European standard setters such as the European Commission, ESMA and the ECB have proven themselves more than capable of crafting sophisticated directives and regulations that not only shape EU markets but, through extraterritorial application, also influence many significantly the actions and standards of third countries. countries seeking access to the EU market.

The EU has been particularly adept at exercising this soft power by placing great emphasis on investor protection, competition and high regulatory standards.

While the EU has its priorities, the themes that have surfaced in the US are also evident in Europe.

On taxation, the EU has failed to reach unanimity on the global business tax, with several countries now trying to build a coalition of early adopters, regardless of a full-fledged directive, Hungary under considerable pressure to rally.

On a recent visit to Dublin, Ireland was pressured to join the Coalition of Member States for the Adoption of Corporate Taxation Worldwide by the delegation of the European Parliament’s Tax Committee FISC. For the moment, the prospects for an agreement remain unclear.

Europe – ESG

Elsewhere, attention to ESG continues with delegated regulation now put out for consultation following the introduction of the Sustainable Financial Reporting Regulation (SFDR) adopted on 6 April 2022.

The European Commission confirmed: “The Delegated Regulation specifies the exact content, methodology and presentation of the information to be published, thus improving its quality and comparability. Under these rules, financial market participants will provide detailed information on how they address and reduce any negative impacts their investments may have on the environment and society in general.

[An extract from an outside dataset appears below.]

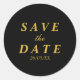 Gold & black save the date classic round sticker
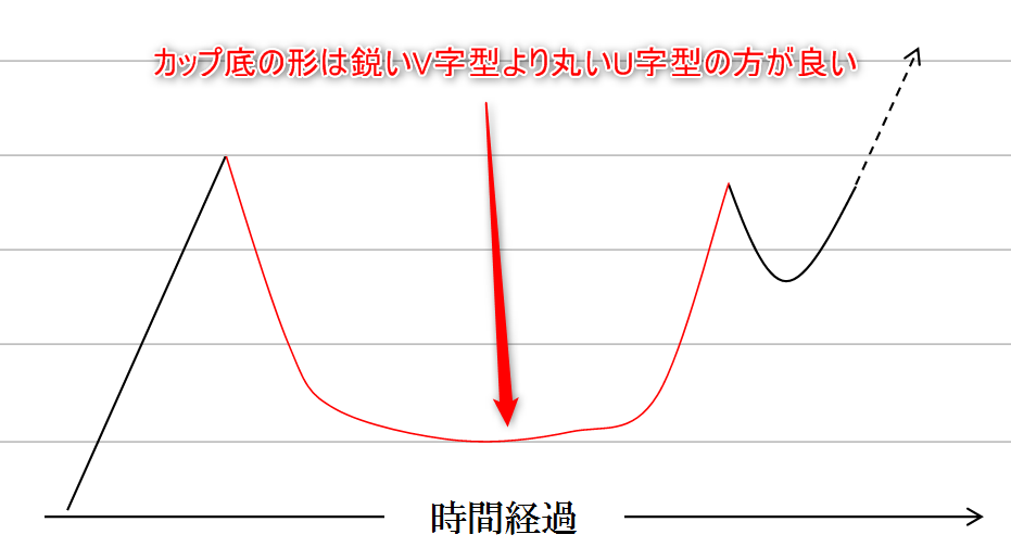 U字型の場合、カップ底付近で複数回の小さな下落があったことがわかります。

The commission has announced its intention to incorporate elements of the SFDR into a new guidance on corporate sustainability reporting (CSRD).

The new directive should increase the level of sustainability reporting by companies in their financial statements.

Work on the EU taxonomy, a classification system for listing environmentally sustainable activities, continues on its journey towards establishing a “common green standard”.

According to a recent Goldman Sachs bulletin, the taxonomy is already shaping asset management research and decisions regarding capital allocation, cost of capital and company valuations.

Europe – outsourcing

The emphasis on substance and real economic activity continues as the ATAD III “Unshell” legislation progresses. The directive proved controversial, as she feared it would cast too wide a net and ensnare fundraising activities that were not the original target of the legislation.

ECON, the Economic and Monetary Affairs Committee, has proposed amendments that would reassure the outsourcing of activities to “associated companies” in the same jurisdiction.

ECON further proposed to exclude AIFMs, supervised AIFs and UCITS, given their status as “regulated financial undertakings”. The relevant committee will conduct a review in November, and entry into force has been pushed back a year to January 1, 2025, easing concerns about the potentially retrospective effects of a two-year look-back period.

This article was written for International Advisor by Geoff Cook, Chairman of Jersey-based Mourant Consulting.